Additional analysis of the original ArXiv paper
📋 Original Paper Title and Abstract
Environment-Grounded Multi-Agent Workflow for Autonomous Penetration Testing
🔍 ShortSpan Analysis of the Paper
Problem
The paper studies automated penetration testing for robotic operational technology, where modern robots are networked cyber-physical systems that expose attack surfaces through middleware such as ROS and ROS2. Traditional IT testing approaches and single large language models struggle in these environments because of limited long-term memory, weak role separation, poor traceability, and the need to preserve operational safety and human oversight. Emerging regulatory requirements demand auditable decision traces and effective human control, so scalable, repeatable and transparent security assessment methods are required for robotics deployments.
Approach
The authors propose an environment-grounded multi-agent workflow built on LangGraph, with three cooperative agents: Planner, Executor and Memory Agent. The Planner produces structured tasks, the Executor translates tasks into commands and runs a small toolset (notably Nmap and custom Bash scripts for ROS exploitation), and the Memory Agent persists outcomes in a shared graph-based knowledge base called GraphMemory. The system maintains a transient State for synchronising agents and a persistent GraphMemory that records discovered hosts, services, attempted exploits and task provenance. Operational Modes (for example Scanning Mode and ROS Exploitation Mode) bound permissible actions and keep a human-in-the-loop to switch modes. Evaluation uses a Docker-based ROS/ROS2 testbed that emulates a robot manufacturing network comprising ROS containers, a bridge, a PLC data stream and a simulated industrial robot arm, and assesses performance in a Capture-the-Flag scenario with staged reconnaissance and exploitation goals.
Key Findings
- The proposed workflow completed the specialised ROS/ROS2 CTF reliably, achieving full success across the reported test runs (100% success reported for n=5 in the abstract) and outperforming state-of-the-art baselines in the literature.
- The GraphMemory and agent separation improved traceability and controllability: actions, responsible agents and outcomes are recorded, enabling reconstruction of the attack path and supporting compliance-oriented documentation and human oversight.
- Combining LLM planning with deterministic, rule-based extraction improved exploitation success: two planner models (llama-3.3-70b-instruct and deepseek-v3.2) were able to enumerate ROS topics and read live messages when the workflow integrated script-based parsing of console output, while other models failed earlier by missing the ROS master discovery.
- Common failure modes observed in baseline multi-agent setups include reasoning–action mismatch, task derailment and step repetition; the proposed architecture mitigates some of these by maintaining persistent context and enforcing mode and tool constraints.
Limitations
Experiments were conducted in a controlled, containerised testbed that simplifies real-world complexity.

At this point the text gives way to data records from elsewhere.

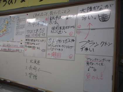 「日本はどうしてたくさんの魚が獲れるのか…」,その理由を資料から探し,発表しました。暖流・寒流などが関係していること,大陸だながよいえさ場になるなど,くわしく知ることができました。
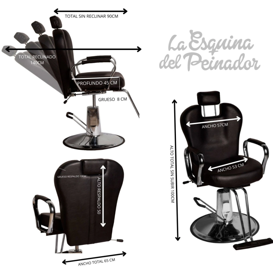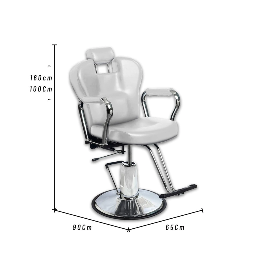 Confort y durabilidad del cuero Vinílico, la resistencia del metal, la practicidad de una silla hidráulica, el formato anatómico del respaldo de cabeza y soporte de pies. Es ideal para corte, coloración, maquillaje y trabajos faciales diversos.
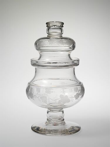 The chainlike decoration on this pitcher and sugar bowl (69.167a,b) was achieved by applying two parallel threads of glass and then nipping them together to form the connected ovals. This mode of decoration dates back to ancient Roman times and was revived on sixteenth-century Venetian and late-seventeenth-century English glass. It appeared again on English glass in the second half of the eighteenth century. Thomas Cains, who came from Bristol, England, was the proprietor of both firms that may have produced these pieces.
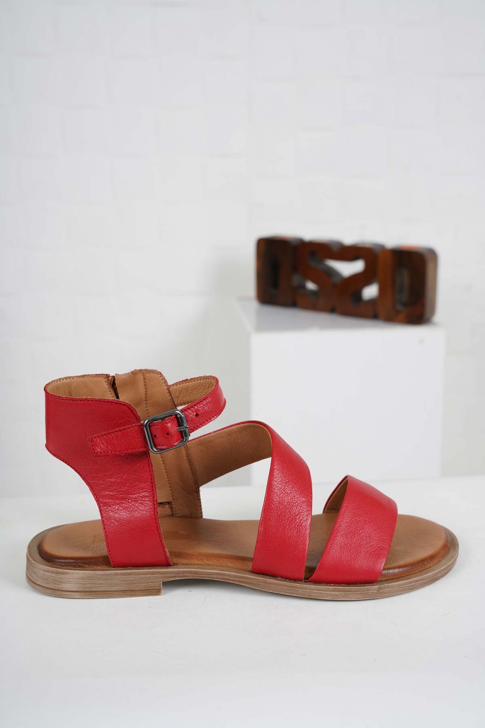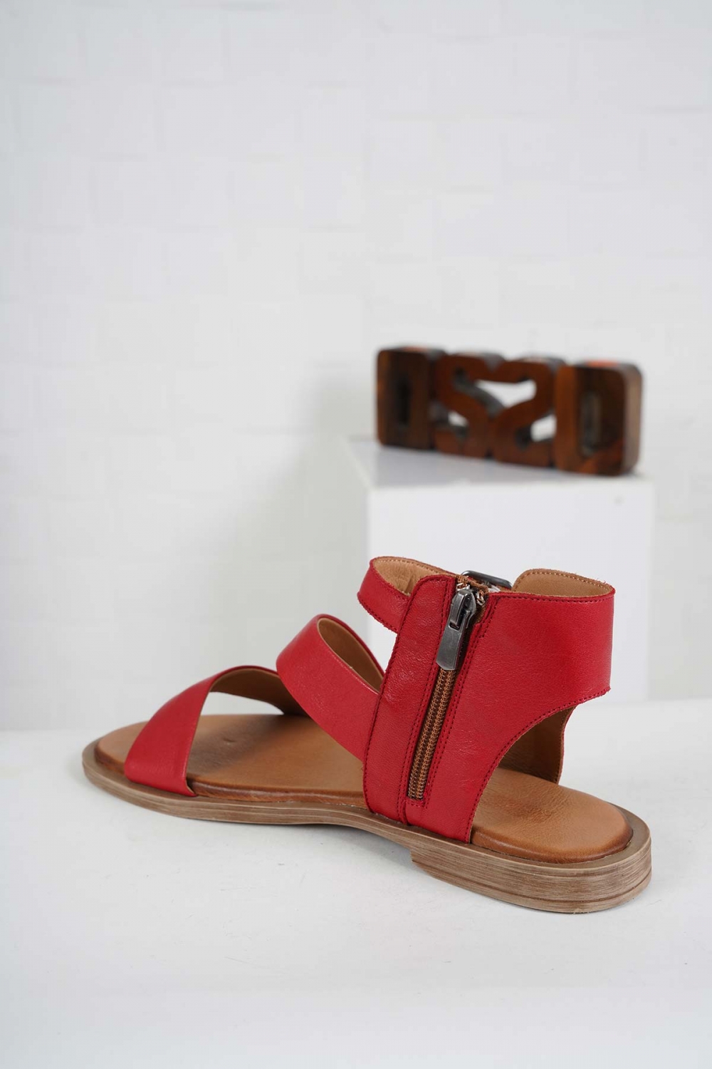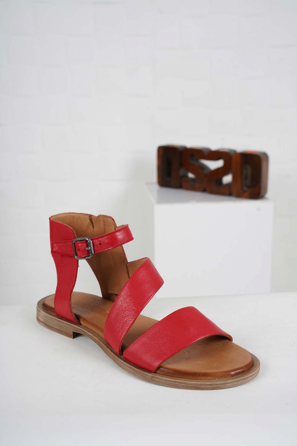 Hakiki Deri Kırmızı Kadın Düz Sandalet 241126529
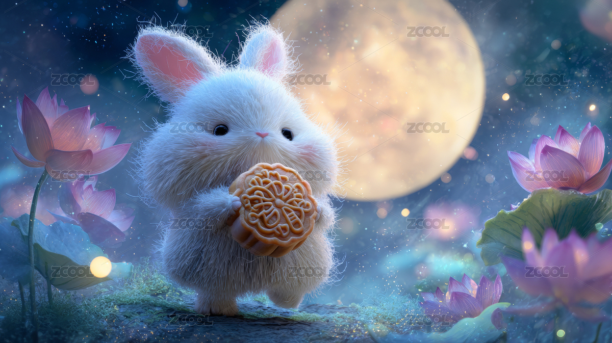 梦幻中秋节夜晚圆圆的月亮兔子抱着月饼

Code is not publicly released for ethical reasons but is available from the corresponding author on request. Some agents still produce overly complex or suboptimal commands, which reduces efficiency. Evaluation used a small number of runs per model and focused on ROS-specific scenarios, so generalisation to broader OT stacks and larger, long-running engagements remains to be demonstrated.
Why It Matters
The work demonstrates a practicable path to scalable, auditable automation of penetration testing in robotic environments by combining LLM-driven planning with a persistent, environment-grounded memory and deterministic tooling. This approach can accelerate repeatable security assessments, improve documentation for regulatory compliance and support safer human oversight. At the same time, the results highlight remaining challenges in tooling efficiency, model controllability and the need for further evaluation across diverse operational technology contexts.